EXPORT NEWS AND OPPORTUNITIES
direct U.S. table grape shipment arrives in Chile
The first container of California table grapes to be exported to Chile cleared quarantine inspection on August 22 and went on sale in Santiago supermarkets the following day, according to the agricultural attache in Santiago. This successful shipment concludes a prolonged effort by APHIS and FAS to get Chile to lower its quarantine barriers on grapes. While U.S. imports of table grapes from Chile exceed $250 million annually, Chilean quarantine regulations until recently excluded the import of most fresh fruits from the United States. On May 14, 1997, Secretary of Agriculture Dan Glickman announced the opening of Chile as an export market for California table grapes. Chile's Ministry of Agriculture agreed to allow the importation of table grapes provided APHIS can certify the products are free of Mediterranean fruit fly. Industry sources estimate the opening of the Chilean market is worth $2-3 million annually. While Chile also agreed in May to reduce phytosanitary barriers on California lemons, grapefruit, oranges and kiwifruit, rigid quarantine requirements still prevent the import of U.S. apples, pears and citrus from the states of Florida and Arizona.

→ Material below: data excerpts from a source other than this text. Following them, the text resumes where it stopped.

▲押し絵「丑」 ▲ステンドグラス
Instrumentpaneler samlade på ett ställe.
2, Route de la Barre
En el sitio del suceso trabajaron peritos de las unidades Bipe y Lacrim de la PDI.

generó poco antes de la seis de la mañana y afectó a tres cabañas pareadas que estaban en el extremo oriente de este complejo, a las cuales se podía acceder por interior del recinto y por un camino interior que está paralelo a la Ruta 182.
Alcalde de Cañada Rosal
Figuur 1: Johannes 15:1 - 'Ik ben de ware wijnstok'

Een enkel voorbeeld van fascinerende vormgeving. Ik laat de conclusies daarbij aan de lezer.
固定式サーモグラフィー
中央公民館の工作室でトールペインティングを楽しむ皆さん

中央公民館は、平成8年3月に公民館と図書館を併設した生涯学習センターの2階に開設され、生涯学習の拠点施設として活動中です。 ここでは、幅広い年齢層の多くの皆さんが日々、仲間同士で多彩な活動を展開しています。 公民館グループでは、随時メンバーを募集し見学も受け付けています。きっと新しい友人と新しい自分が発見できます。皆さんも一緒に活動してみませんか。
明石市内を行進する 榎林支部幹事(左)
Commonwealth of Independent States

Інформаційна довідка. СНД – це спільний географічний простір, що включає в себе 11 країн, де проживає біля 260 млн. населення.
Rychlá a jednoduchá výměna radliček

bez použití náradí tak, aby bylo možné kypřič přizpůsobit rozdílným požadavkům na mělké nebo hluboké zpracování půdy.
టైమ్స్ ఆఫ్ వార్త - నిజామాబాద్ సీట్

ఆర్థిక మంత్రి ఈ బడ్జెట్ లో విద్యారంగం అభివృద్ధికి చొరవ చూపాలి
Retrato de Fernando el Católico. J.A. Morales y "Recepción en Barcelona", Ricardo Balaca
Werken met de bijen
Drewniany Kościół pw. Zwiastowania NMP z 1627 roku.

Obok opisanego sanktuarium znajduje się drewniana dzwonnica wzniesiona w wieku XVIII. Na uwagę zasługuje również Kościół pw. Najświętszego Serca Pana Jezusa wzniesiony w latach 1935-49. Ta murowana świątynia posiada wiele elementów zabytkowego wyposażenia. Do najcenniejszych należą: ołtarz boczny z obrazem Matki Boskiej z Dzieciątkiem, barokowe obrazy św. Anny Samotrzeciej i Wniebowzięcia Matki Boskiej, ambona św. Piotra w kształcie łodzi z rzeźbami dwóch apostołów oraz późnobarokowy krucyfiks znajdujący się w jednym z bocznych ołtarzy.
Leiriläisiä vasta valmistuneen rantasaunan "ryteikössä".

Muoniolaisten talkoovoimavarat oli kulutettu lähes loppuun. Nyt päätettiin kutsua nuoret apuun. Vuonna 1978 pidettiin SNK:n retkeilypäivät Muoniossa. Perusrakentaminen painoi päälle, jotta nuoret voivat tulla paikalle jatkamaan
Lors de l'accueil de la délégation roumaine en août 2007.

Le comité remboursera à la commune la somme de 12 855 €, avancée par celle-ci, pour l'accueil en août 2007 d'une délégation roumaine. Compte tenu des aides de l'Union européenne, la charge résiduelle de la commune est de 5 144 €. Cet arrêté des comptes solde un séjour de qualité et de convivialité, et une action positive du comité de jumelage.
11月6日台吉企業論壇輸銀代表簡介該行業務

New Zealand continues to open market to U.S. horticultural products; approves entry of mangoes
New Zealand plant quarantine authorities announced on September 9 the finalization of an Import Health Standard which clears the way for the entry of U.S. mangoes. The favorable decision on mangoes follows last January's action by New Zealand to approve imports of U.S. asparagus and Florida citrus. New Zealand represents a growing market for U.S. horticultural products. During the first six months of 1997, U.S. exports of fresh fruits and vegetables were valued at $7 million, up 40 percent from the same period in the preceding year. New Zealand's handling of phytosanitary-based market access issues stands in stark contrast to that of its neighbor, Australia, which continues to maintain a highly restrictive plant quarantine trade policy. Most U.S. fresh horticultural products remain banned from Australia's market and efforts to address these restrictions have met with little success over the years.

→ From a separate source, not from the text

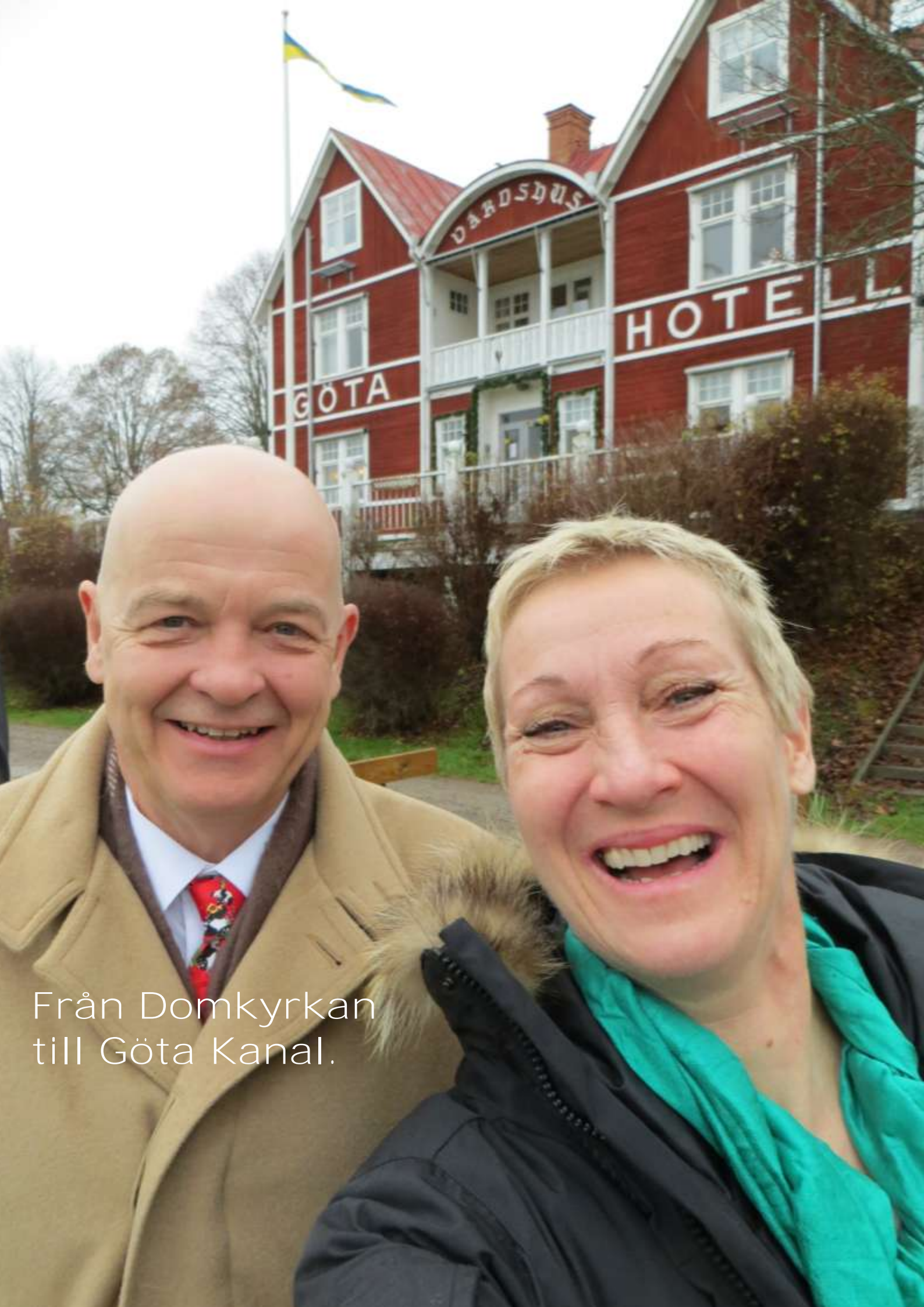
Från Domkyrkan till Göta Kanal.
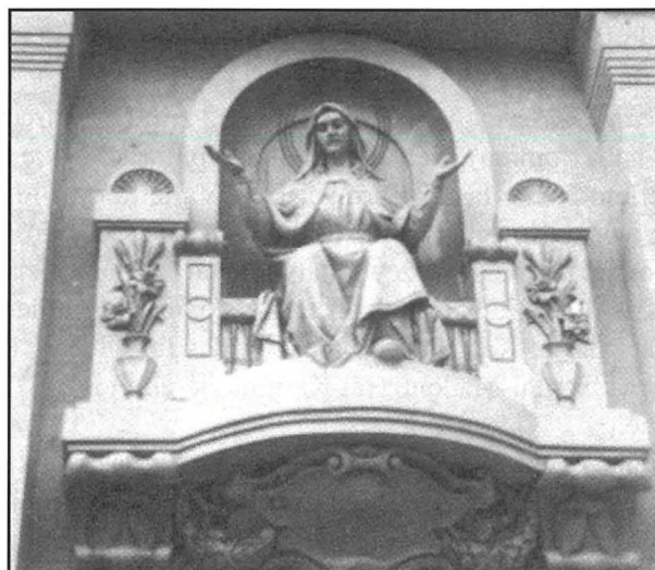
Statwa tal-Madonna fuq il-faċċata tal-kappella tal-MUSEUM fil-Blata l-Bajda – xogħol Marco Montebello fl-1962.

Minn barra dawn l-istatwi kollha, l-iskultur Montebello hadem ukoll numru kbir ta' statwi ohra li jinsabu f'diversi niċċ fit-toroq Maltin, kif ukoll għadd ta' monumenti funebri kemm fil-ġebel kif ukoll fl-irham f'diversi ċimiterji, b'mod speċjali f'dak ta' l-Addolorata.

U.S. grape shipments resume to Mexico; FAS and industry representatives find solution to Mexican labeling problem
Meetings in September between U.S. and Mexican grape industry representatives, Mexican officials, and the Agricultural Minister-Counselor's office produced an amicable and successful solution to Mexico's recently enacted food labeling requirements which disrupted U.S. grape trade just as the export season was gearing up. Specifically, the three sides developed a proposed agreement which would allow grapes to enter Mexico without labeling restrictions for a period of 90 days or until at least November 30, allowing trade to resume through the end of the season. In the interim, Mexico will modify its regulations (NOM-120) to include a system of Verification Units which would allow labeling by exporters prior to crossing the border or labeling in-country by the importers.
On July 30, Mexican border officials began to interpret the new labeling regulations to require that Spanish-language labels be in place on grapes prior to importation. Numerous truckloads of U.S. grapes were temporarily detained at the border. There was confusion on both sides of the border regarding whether trade could meet the new requirements through the application of stickers after the shipments have entered Mexico. Working cooperatively, U.S. and Mexican parties were able to clarify the grape labeling issues so trade could resume. Mexico has emerged as an important market for U.S. grape exports. Exports were valued at nearly $11 million in CY1996 and, with the help of ongoing MAP promotional activities and NAFTA-related tariff reductions, are expected to expand further in the coming years.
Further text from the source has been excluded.